Our implementation of the McEliece Cryptosystem using Reed–Solomon codes lacks operational error generation and decoding functionality. When we first began building, we were naive to assume that the cryptosystem would be functional without any error generation and correction. We figured error generation and correction were unnecessary since we were conducting our experiments in a local environment. After many hours of debugging, this oversight eventually led to the realization that error generation and correction were necessary elements to unraveling the message we inputted. Looking at the math to generate and correct errors, we could not even begin to understand what was happening.
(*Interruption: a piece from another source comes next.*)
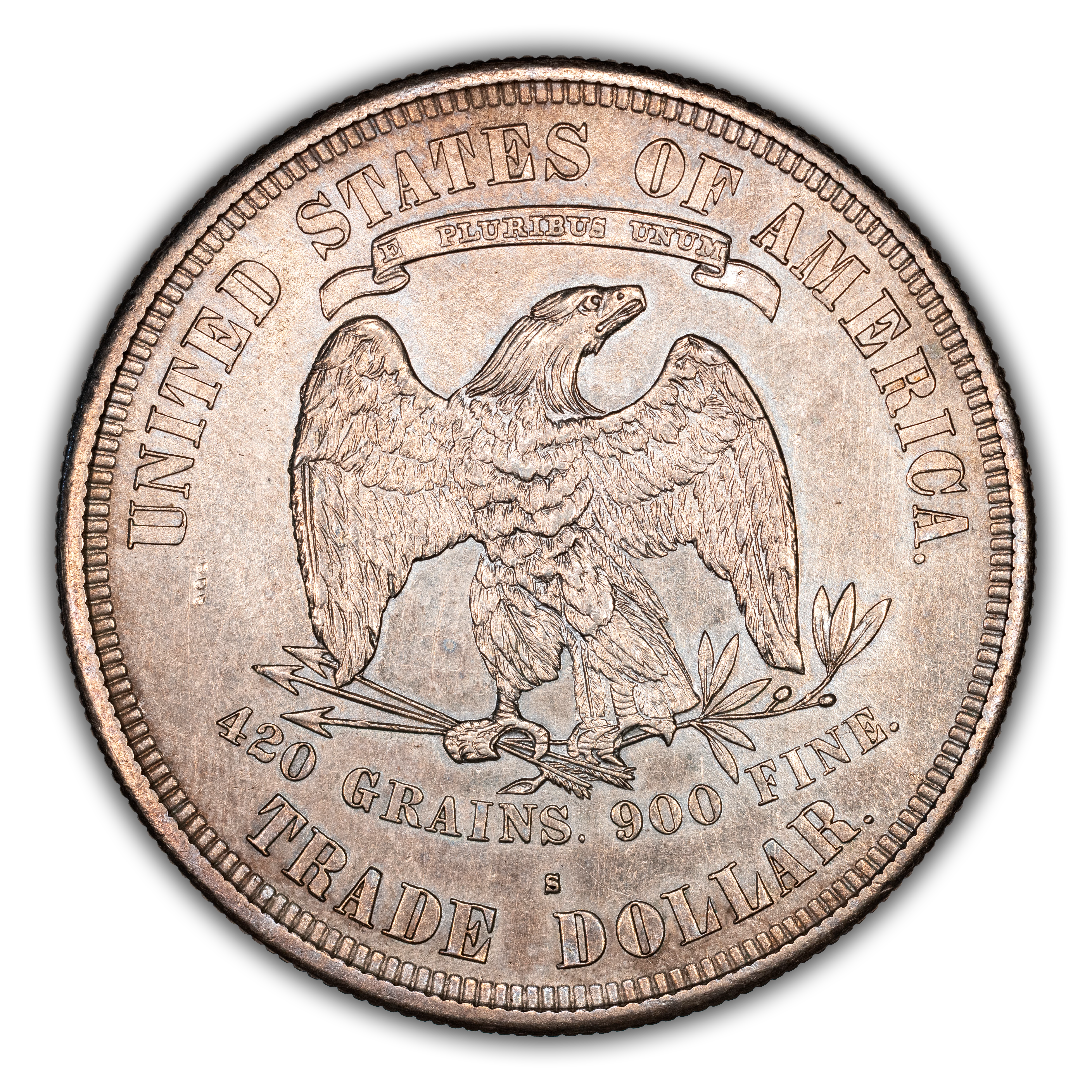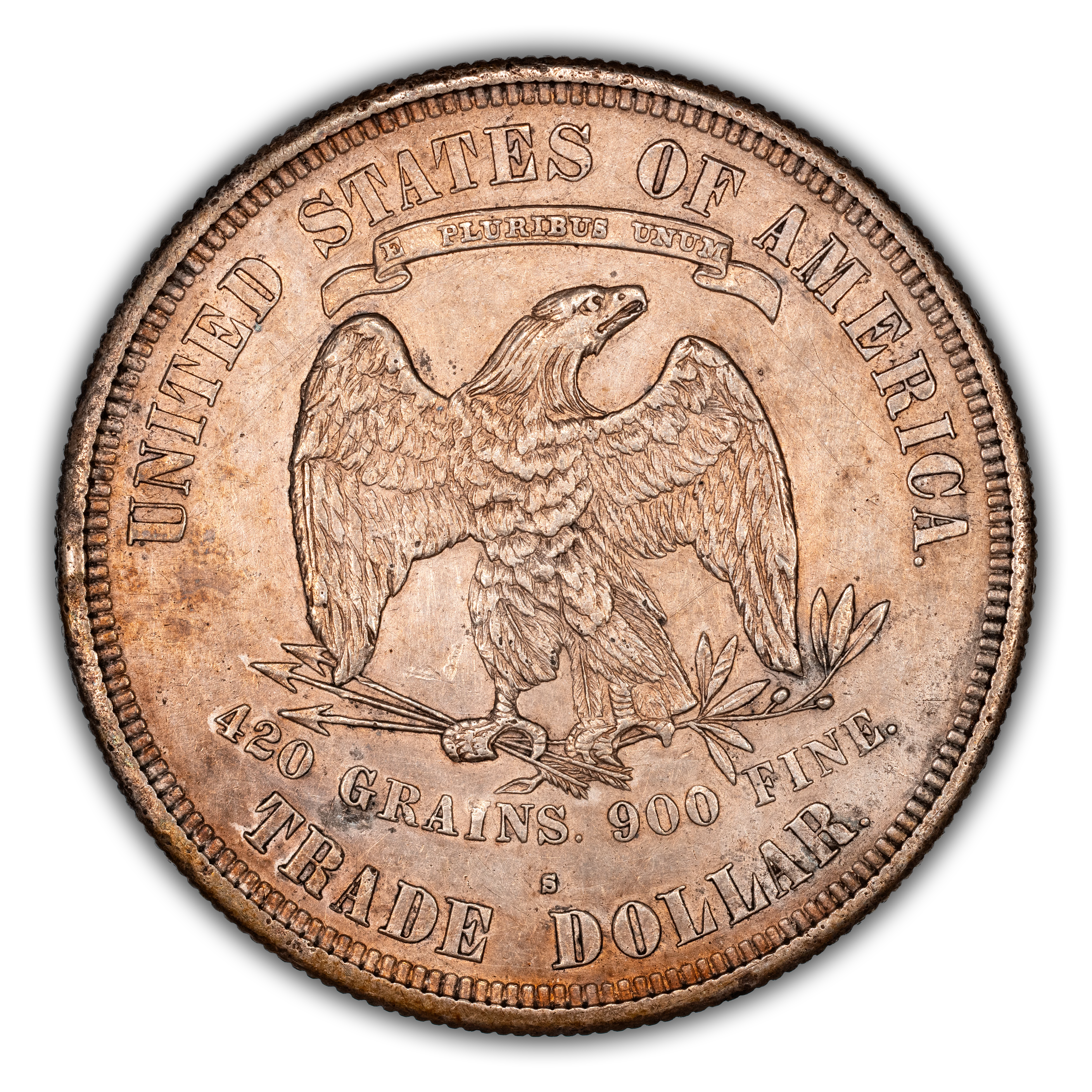 Reverse: An eagle is centered in the design with the weight of the coin listed below as "420 GRAINS. 900 FINE." The words UNITED STATES OF AMERICA and TRADE DOLLAR adorn the top and bottom periphery with a ribbon stating the motto E PLURIBUS UNUM above the eagle's head. The mint mark is positioned below the eagle and weight text, above the "E D" of TRADE DOLLAR. Type II reverse without the extra berry under the eagle's left (viewer's right) claw. Arrowhead ends over 2 in "420".
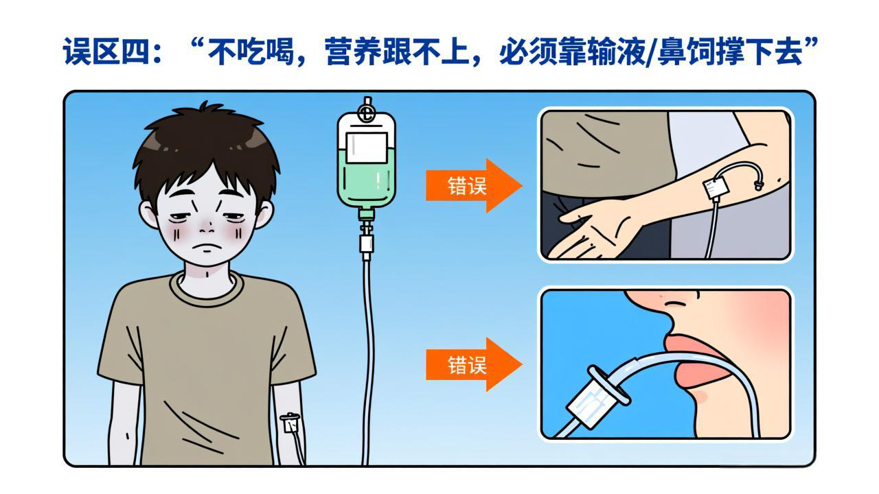 误区四:“不吃喝,营养跟不上,必须靠输液/鼻饲撑下去”

Due to the timeline of this project, we saw it unreasonable to learn this math, and we entered a mid-life crisis of sorts.
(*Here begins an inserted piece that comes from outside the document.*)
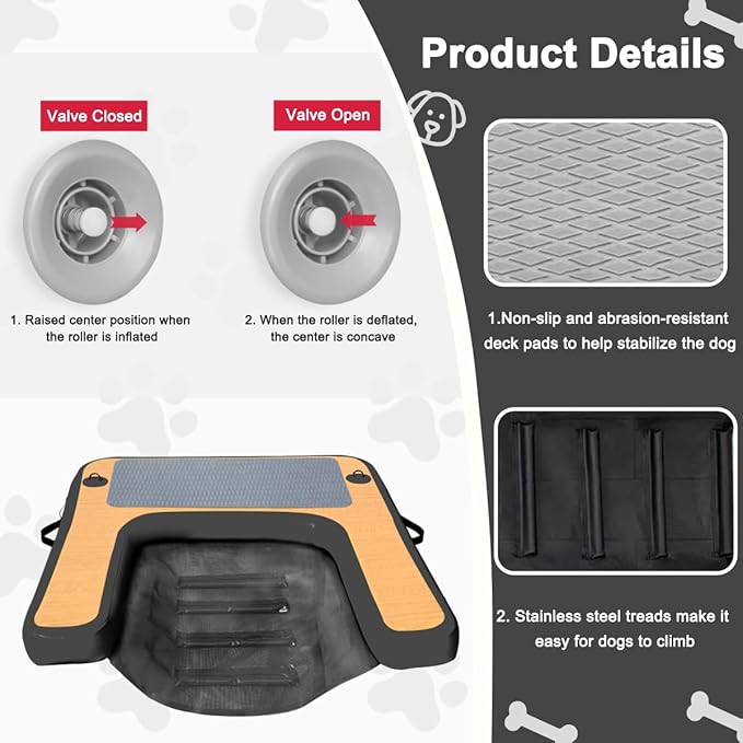 - Easy to Climb: The mesh ramp design of the dog dock is convenient for dogs to climb, and the anti slip EVA pad helps stabilize the dog's body
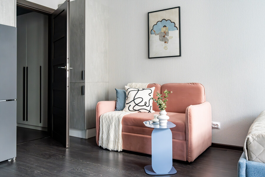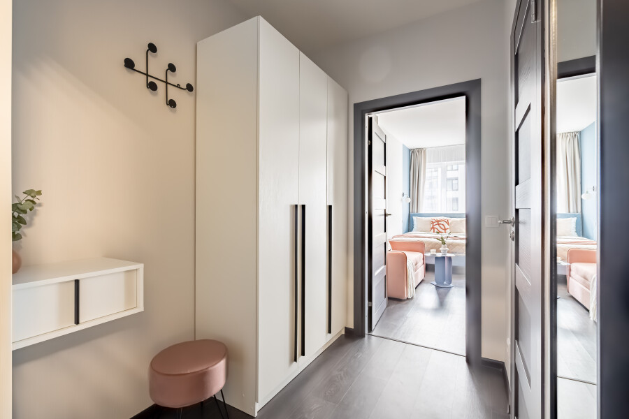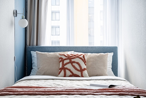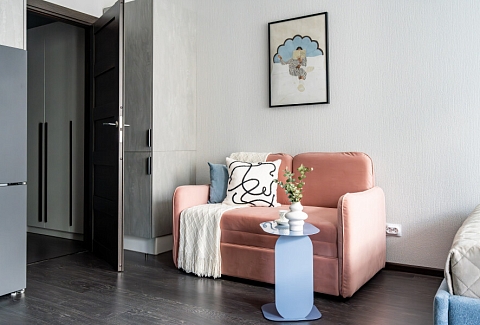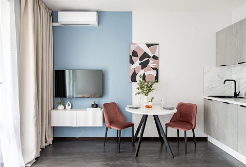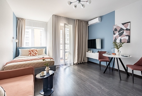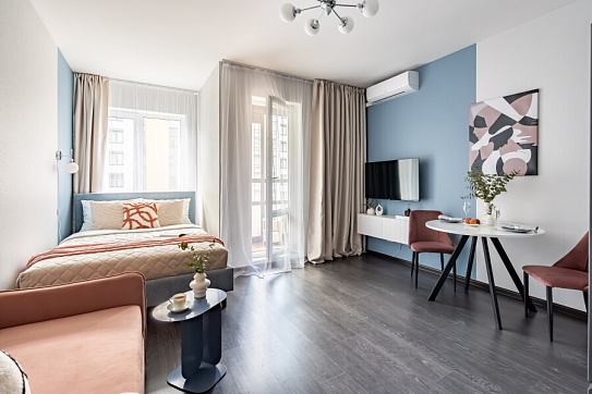 На закрытой территории обустроены детские игровые комплексы, прогулочные зоны, вместительные парковки. Работают продуктовые магазины, кафе, аптеки.Уютные апартаменты оформлены в приглушенной цветовой гамме. Света помещению добавляет панорамное остекление. Жилая комната располагает двуспальной кроватью, небольшим раскладным диваном, кухонным и обеденным пространствами. Прихожая оснащена шкафом и зеркалом. Совмещенный санузел укомплектован душевой кабиной и стиральной машиной. В студии предусмотрены Wi-Fi и Smart TV. По согласованию возможно заселение с питомцем.

Unsure of where to go next, we stumbled upon the reedsolo python library (https://pypi.org/project/reedsolo/) and dreamed it could do all the high-level math we could not comprehend. We ran with this assumption for about a day, and again, after many hours of debugging, realized it was inadequate for the McEliece Cryptosystem.
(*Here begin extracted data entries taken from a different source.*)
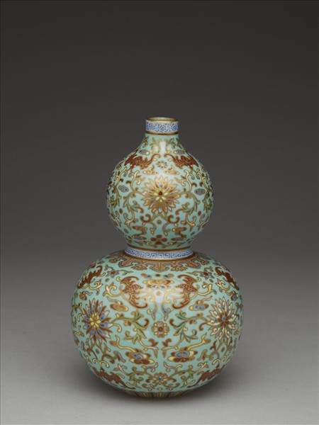 瓶,器作束腰葫蘆形,直口,短頸,束腰,凹足。全器以湖綠色釉為地,上繪洋彩圖案且以金彩鉤邊。以番蓮紋為主紋,周圍環繞紅蝠及雲紋,口沿繪一圈朵花紋,腰部飾回紋及蕉葉紋,腹下飾一圈蓮瓣紋。足底緣露胎,胎色潔白;底施藍彩並以金彩書「大清乾隆年製」六字三行篆款。
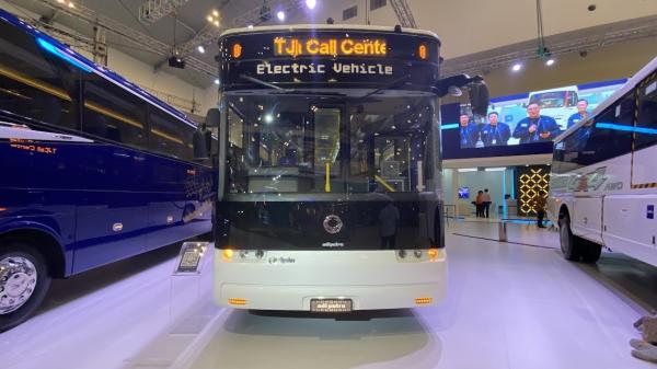 Selain bus konvensional, karoseri Adi Putro juga memamerkan bus listrik milik KG Mobility (KGM) dengan menggunakan sasis Edison. Bus ini merupakan pengembangan sasis monocoque dengan desain yang kompak.
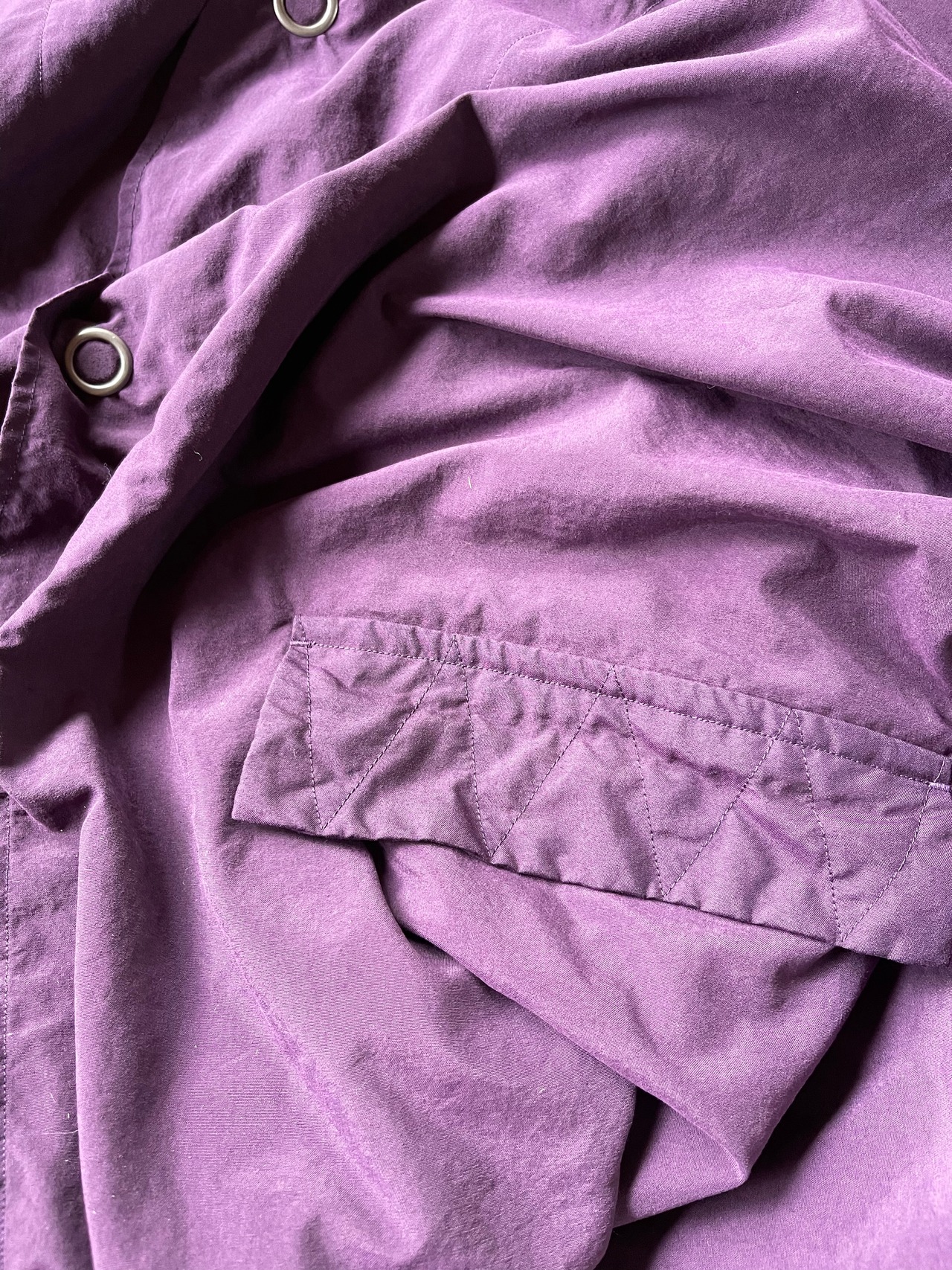 経糸にやや太めの糸を使うタッサー織の為、少し横畝があり、起毛加工が施されているのでナイロンでありながらソフトなタッチの生地です。
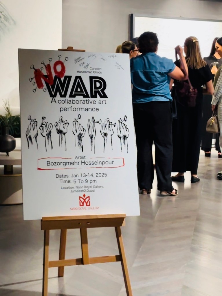 Countess Elena De Bacci and Countessina Anna De Bacci visited H.E. Sheikha Noor’s Royal Gallery in Jumeirah 1 for her humanitarian art event “NO WAR”.
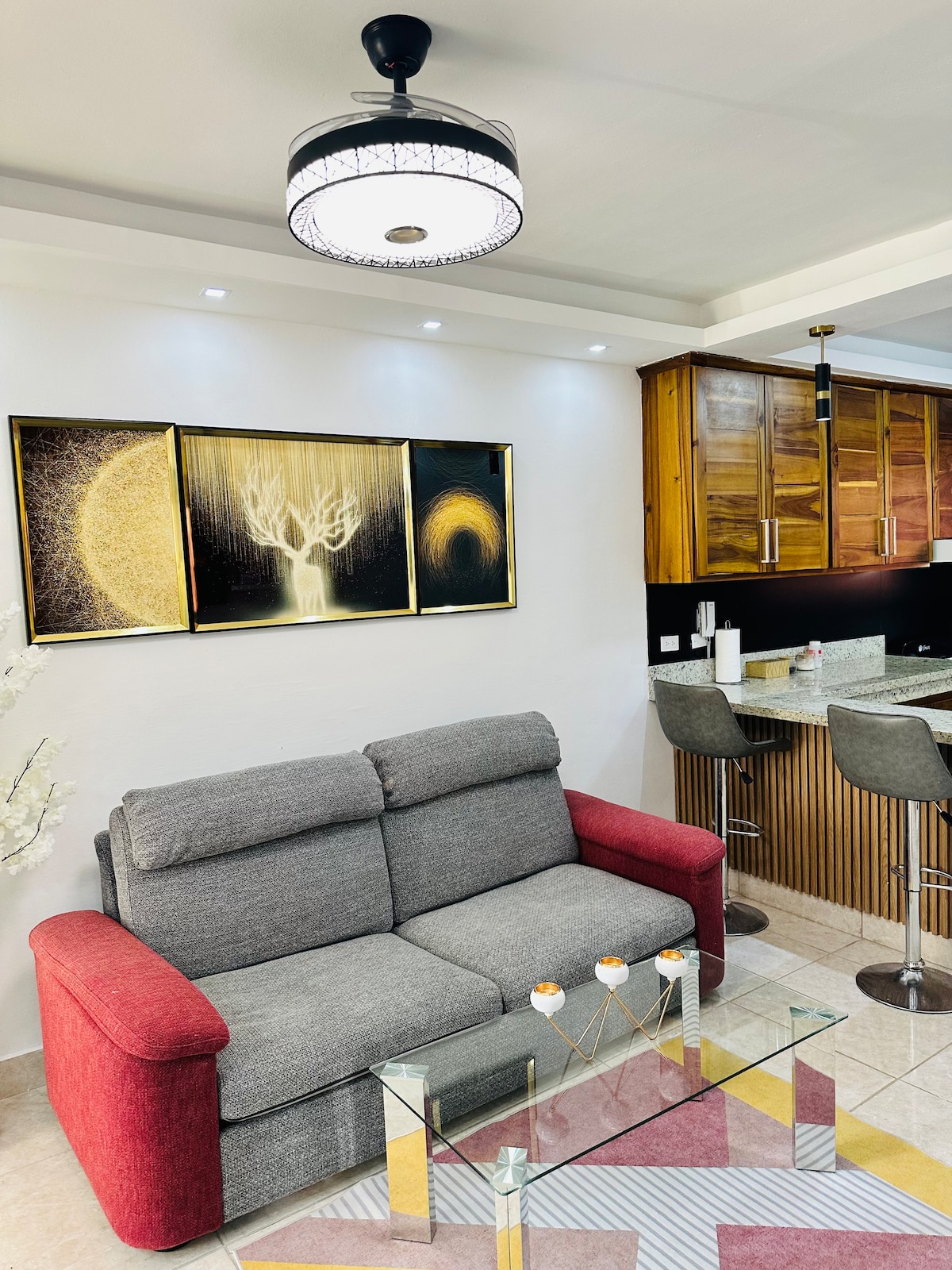 Relájate en este espacio tranquilo y elegante, 2do piso, vista a la piscina, parqueo privado, a 3 min de la playa caminando, la más visitada por turistas, como también excursiones Isla Catalina y Isla Saona, four wheel, Restaurantes Onno¨s entre otros restaurantes a la carta . Un espacio cómodo para disfrutar en pareja, familias con un niño(a), 1 habitación amplia con cama king size y dos sofá cama disponibles, seguridad 24 horas , luz , aire, calentador, dispensador, tv con canales premium.

With our spirits at their lowest, we stepped back and examined what we were trying to accomplish from a 30,000-foot view. Doing this allowed us to see that while most literature related to the McEliece Cryptosystem as a quantum-proof encryption protocol talks of high-level error-correcting codes such as Reed-Solomon codes, there are more straightforward ones. The first error-correcting code on a record, Hamming codes, is straightforward and something our undergraduate-level brains could comprehend. It only took hours to get a rickety implementation of the McEliece Cryptosystem using (7,4) Hamming codes. This provided us with enough to begin experimentation:
When implementing the Hamming (7,4) version of the cryptosystem, a significant limitation would be the inability to change the input size of the message. Given that the generator matrix is 7x4, a message can only be 4 bits. However, we then thought of parsing a more extended message into 4-bit chunks, so we created a method for doing just that. We hypothesized that encrypting and decrypting these longer messages would have a time complexity of O(n), n being the total length of the message. This is because the same 4-bit method is called on every chunk. To show this to be accurate, we designed an experiment. Given the complex nature of matrix operations (multiplication, inverse, transpose, permute), we decided to use the number of matrix operations as a metric for overall runtime. We added counter a matrix_ops counter to the code and counter the operations. We then implemented the method with a series of simple loops that would encrypt and then decrypt messages of size 4 bits up to 4n bits. N is the number of trials in the experiment. We plotted size vs. matrix operations using Matplotlib, and this confirmed our hypothesis. We used n=1000, which would create the largest message of 4000 bits.
One of the drawbacks of using Hamming 7,4 as our generator matric is it fairly quickly identifies G from G^ given the small size. This would make "cracking" the code much more accessible; it would be straightforward for someone to decode a cipher. However, they would need to find out the permutation and nonsingular vectors. The file, theoretically brute force analysis.pdf, looks into the complexity of trying to brute force possibilities for P and S private keys.